Женщин вывели из фургона и отправили в тюрьму — там их поместили в крошечные камеры, которые, однако, были набиты, как бочки с селедкой. Анне пришлось спать сидя, прислонившись спиной к стене. Ее мучили кошмары, то и дело возникало видение — Димка на окровавленном снегу.

По камере гуляли различные слухи. Кто-то утверждал, что у немцев имеются так называемые лагеря смерти, в которых планомерно уничтожаются все враги Третьего рейха. Однако тотчас возражали другие, здраво заявляя, что, если бы фрицы хотели расстрелять и повесить, они бы не стали транспортировать их из деревень в Нерьяновск, а сделали бы свое черное дело на месте, в деревне.

Аня не знала, что и думать. Ей было очень страшно, и она понимала: не исключено, смерть не за горами.

— Но почему они, гады, только женщин отбирают? Для чего мы им? Они что, немецкий гарем решили открыть? — раздавались и такие голоса.

Кормили из рук вон плохо — какая-то вонючая похлебка, в которой плавали позеленевшие клочки мяса и толстые белые опарыши. Анна, не сумев перебороть отвращение, так и не притронулась к еде, хотя живот резало от голода.

Во второй половине дня дверь камеры распахнулась, на пороге появился лощеный немец в сопровождении седого мужичка, который на чистом русском назвал около дюжины фамилий. В их числе и фамилию Анны.

Женщины покинули камеру. Анна на дрожащих ногах последовала за товарками по несчастью. Она уже не сомневалась в том, что им грозит смерть. Только бы не мучиться!
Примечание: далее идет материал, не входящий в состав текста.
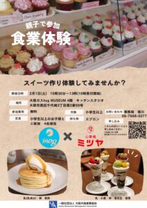 本年も昨年に引き続き第2回食業体験イベントを2025年2月1日(土)大阪ガスhug MUSIUMにて開催します。現在参加者を募集しています。ぜひこの機会に、有名店の指導で人気のパフェとパンケーキの調理体験してみませんか?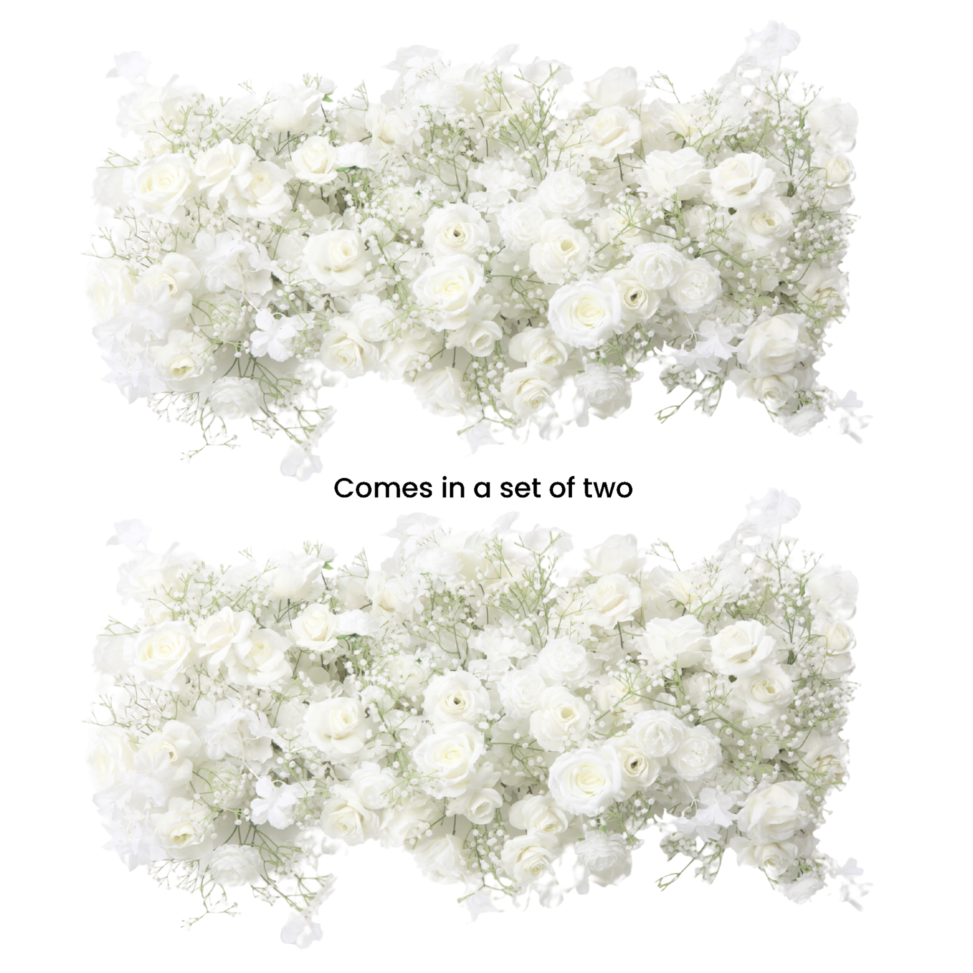 2 pcs/pk Premade Rose and Baby's Breath Flower Arch Backdrop/Table Runner Decor - White

К большому удивлению, их провели в просторную комнату, в которой было жарко натоплено. Там за столами сидело несколько немцев: повторилась та же самая процедура, что и в деревне, — медицинский осмотр. Один из врачей перебросился с Анной парой фраз по-немецки. Он производил впечатление доброго человека, и женщина рискнула у него спросить:

— Что с нами будет?

Врач, взглянув на Аню из-под очков, ответил:

— Вас отправят в Германию, где вы будете работать во благо нашего великого рейха. Ты молода, здорова, к тому же говоришь по-немецки. Такие нам нужны!

И, расписавшись в личном деле Анны, передал ее на руки другого офицера. Угроза гибели миновала, однако от слов врача Анне не стало лучше. Их отправят в Германию, где, по всей видимости, будут использовать в качестве рабов. И кто знает, вернется ли она когда-нибудь обратно в Советский Союз, в Нерьяновск? Не исключено, что нет…

Аня думала, что снова окажется в камере, но вместо этого женщин провели к фургону, который сразу направился на вокзал. Там их ожидал железнодорожный состав. Она не могла представить себе, что им предстоит путешествие в чужую страну, — ведь вагоны были предназначены для скота! Наверное, для оккупантов они и есть животные, жалеть которых не следует.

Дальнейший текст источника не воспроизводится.